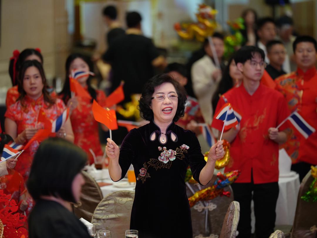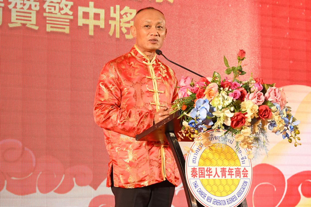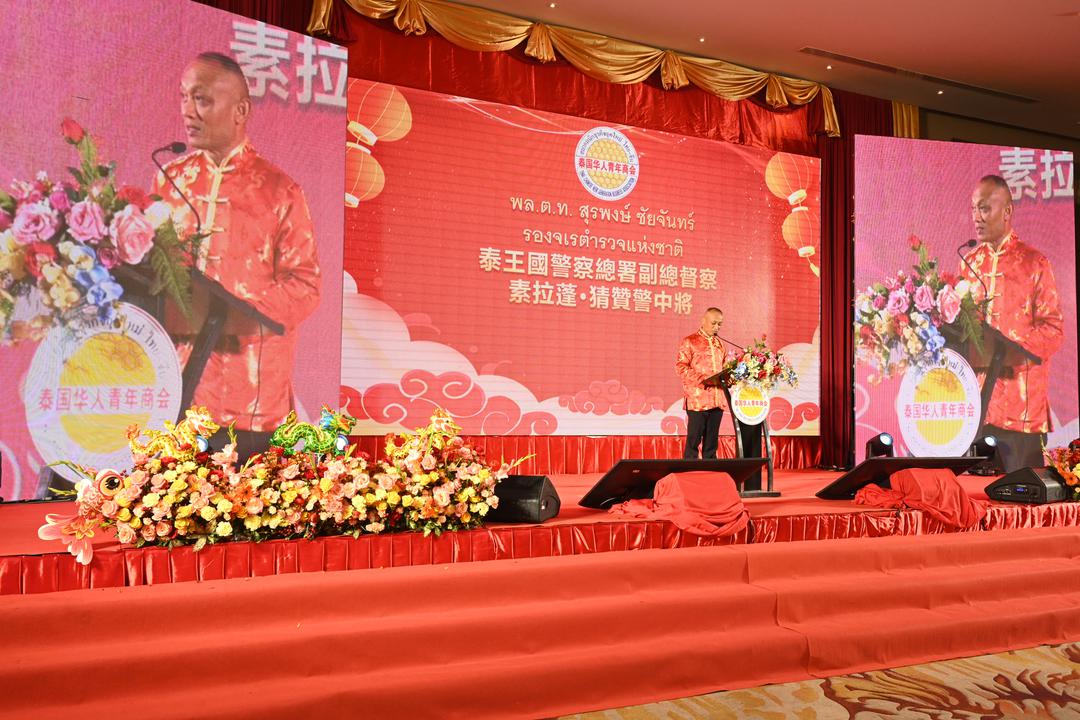泰王国警察总署副总督察素拉鹏警中将上台致辞。他感谢青商会再次邀请自己来出席春节联欢晚会,去年他也有幸参与,对青商会团结奋斗的精神面貌、会员们的热情友好印象深刻。今年是龙年,对于中泰两国人民都是吉祥之年,衷心祝福青商会及会员们新年步步高。他还现场用中文为大家送上了“新正如意、新年发财”的祝福。
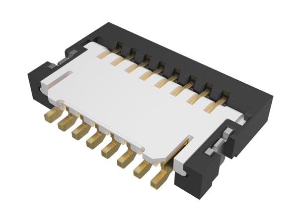 Amphenol FCI 59453-082110ECHLF Board Mount 0.50mm Flex Connectors, FPC/FFC Side Entry ZIF Connector, Surface Mount, 8 Positions, Top Contact, 0.50mm (0.020in) Pitch.
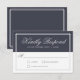 Timeless and elegant, this tasteful wedding RSVP card design features the trendy colour palette of classic navy blue and white with light silver grey lettering. The type face is crisp and classic with a lovely layout. A matching double line offset border frames your text to finish the design with style. Personalise the text template with your required response date.
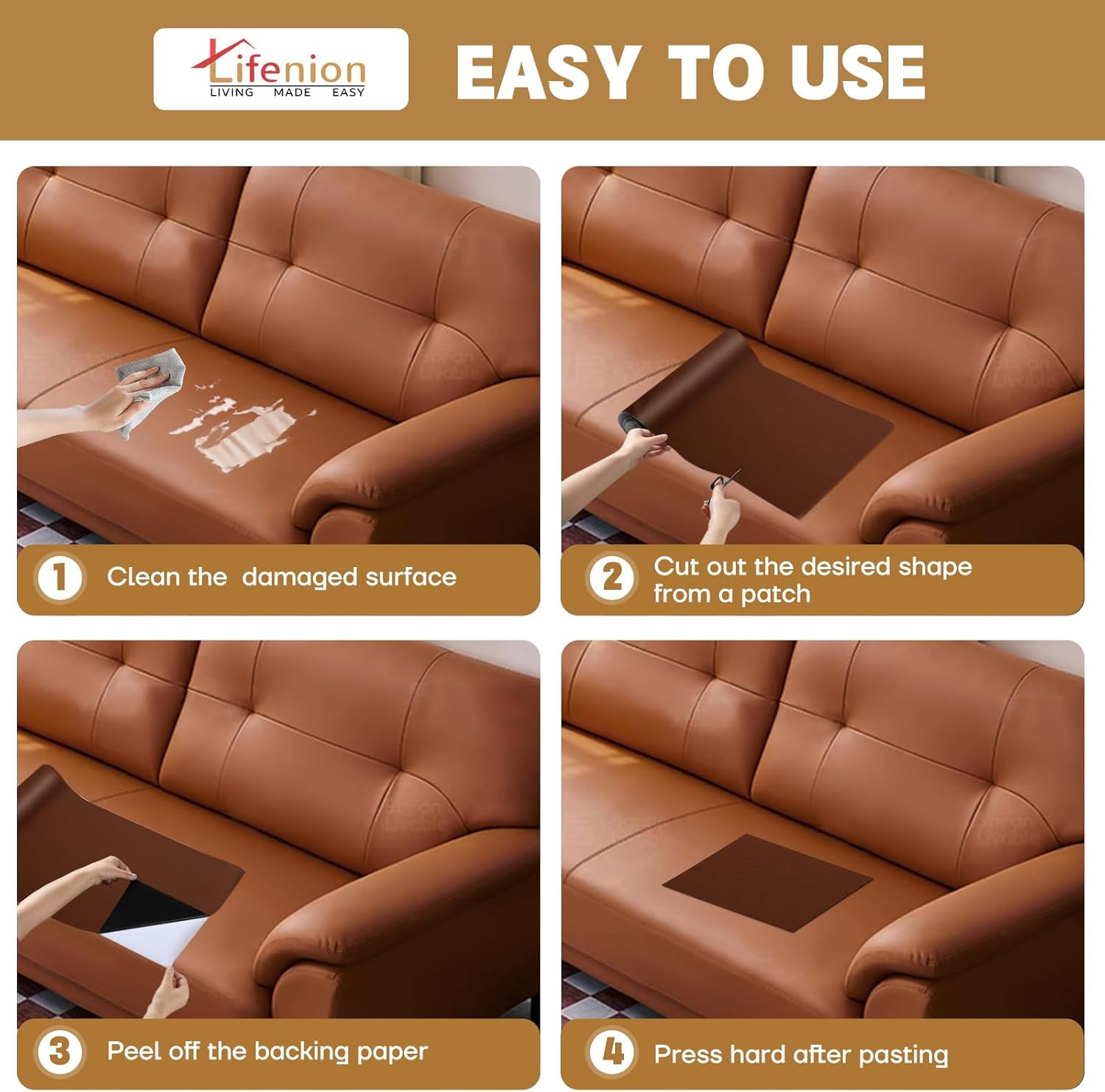 Self-Adhesive Leather Repair Patch, 17x79 Inch for Furniture and Car Seats

§ Problem
Make a word-for-word repeat of the material, skipping all pictures.

§ Response to the exercise
泰王国警察总署副总督察素拉鹏警中将上台致辞。他感谢青商会再次邀请自己来出席春节联欢晚会,去年他也有幸参与,对青商会团结奋斗的精神面貌、会员们的热情友好印象深刻。今年是龙年,对于中泰两国人民都是吉祥之年,衷心祝福青商会及会员们新年步步高。他还现场用中文为大家送上了“新正如意、新年发财”的祝福。
 Amphenol FCI 59453-082110ECHLF Board Mount 0.50mm Flex Connectors, FPC/FFC Side Entry ZIF Connector, Surface Mount, 8 Positions, Top Contact, 0.50mm (0.020in) Pitch.
 Timeless and elegant, this tasteful wedding RSVP card design features the trendy colour palette of classic navy blue and white with light silver grey lettering. The type face is crisp and classic with a lovely layout. A matching double line offset border frames your text to finish the design with style. Personalise the text template with your required response date.
 Self-Adhesive Leather Repair Patch, 17x79 Inch for Furniture and Car Seats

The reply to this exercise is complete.